Let \(U = U' \times U'' \subset \mathbb{C}^n \times \mathbb{C}^k\), \(n,k \geq 1\), and \(V \subset \mathbb{C}^m\), \(m \geq 1\), be bounded domains such that \(\partial V\) contains no analytic discs. Then there exist no proper holomorphic mapping \(f \colon U \to V\).
Prove Theorem \(\PageIndex{3}\)
The key takeaway from this section is that in several variables, to see if two domains are equivalent, the geometry of the boundaries makes a difference, not just the topology of the domains.
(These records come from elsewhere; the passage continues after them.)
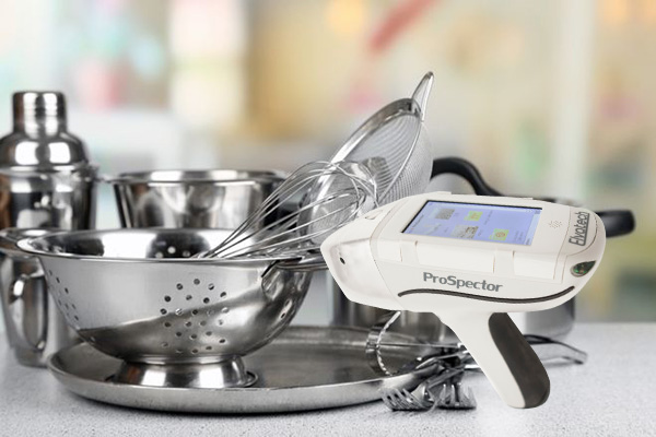在实际应用于不锈钢餐具的检测中,手持式X荧光光谱仪凭借其紧凑轻便的设计、高精度的元素分析能力以及出色的环境适应性,成为质量监控与安全检测中的得力工具。它不仅能够准确检测出镍、钼等主要合金成分,还能对多种微量元素进行同步分析,全程无需破坏样品,适合在生产流程、出厂检验以及市场监管等环节中使用。手持式X荧光光谱仪能通过元素成分的快速测定,间接辅助判断产品是否存在重金属潜在条件,为不锈钢餐具的安全性提供重要参考。
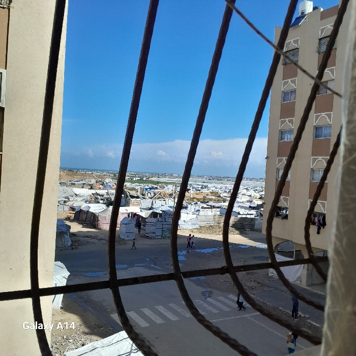 The image depicts an elevated view of a densely populated area in Khan Yunis, Palestinian Territory, seen through a set of rusty, vertical and horizontal metal bars. In the foreground, parts of two mu…read more
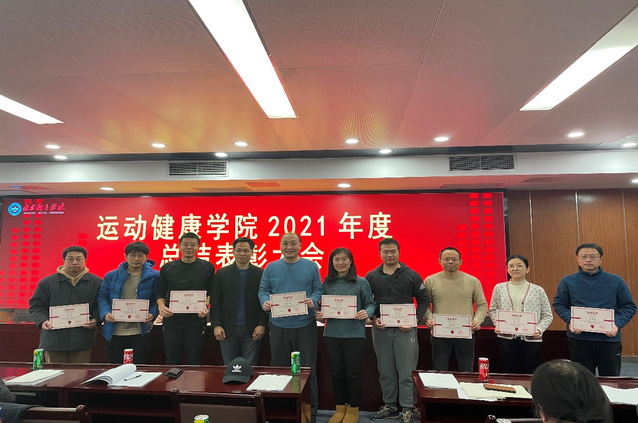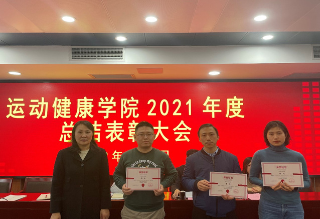 会上,党总支书记王猛为王侃等9位同志颁发了运动健康学院2021年度工作贡献奖证书、院长汤强为刘琳等7位同志颁发了优秀本科生导师证书、党总支副书记石红霞为景涛等4位同志颁发了优秀班主任证书。
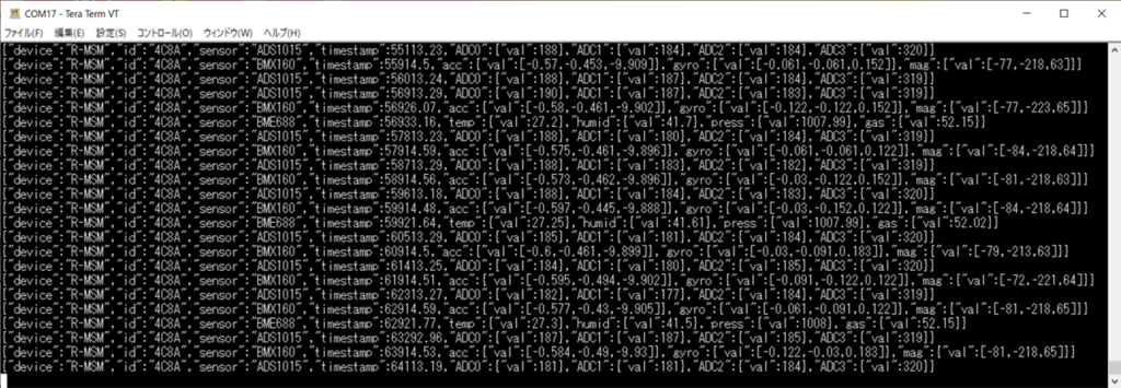 設定を終えたら、OKボタンを押してください。下の図のように、テキストデータが流れ始めたら、接続はOKです。

The following is a fun exercise in one dimension about proper maps of discs:
Let \(f \colon \mathbb{D} \to \mathbb{D}\) be a proper holomorphic map. Then \[f(z) = e^{i\theta} \prod_{k=1}^m \frac{z-a_k}{1-\bar{a}_k z} ,\] for some real \(\theta\) and some \(a_k \in \mathbb{D}\) (that is, \(f\) is a finite Blaschke product). Hint: Consider \(f^{-1}(0)\).
In several variables, when \(\mathbb{D}\) is replaced by a ball, this question (what are the proper maps) becomes far more involved, and if the dimensions of the balls are different, it is not solved in general.
Suppose \(f \colon U \to \mathbb{D}\) be a proper holomorphic map where \(U \subset \mathbb{C}^n\) is a nonempty domain. Prove that \(n=1\). Hint: Consider the same idea as in Exercise 1.2.19.
Suppose \(f \colon \overline{\mathbb{B}_{n}} \to \mathbb{C}^m\) is a nonconstant continuous map such that \(f|_{\mathbb{B}_{n}}\) is holomorphic and \(||f(z)|| = 1\) whenever \(||z||=1\). Prove that \(f|_{\mathbb{B}_{n}}\) maps into \(\mathbb{B}_{m}\) and furthermore that this map is proper.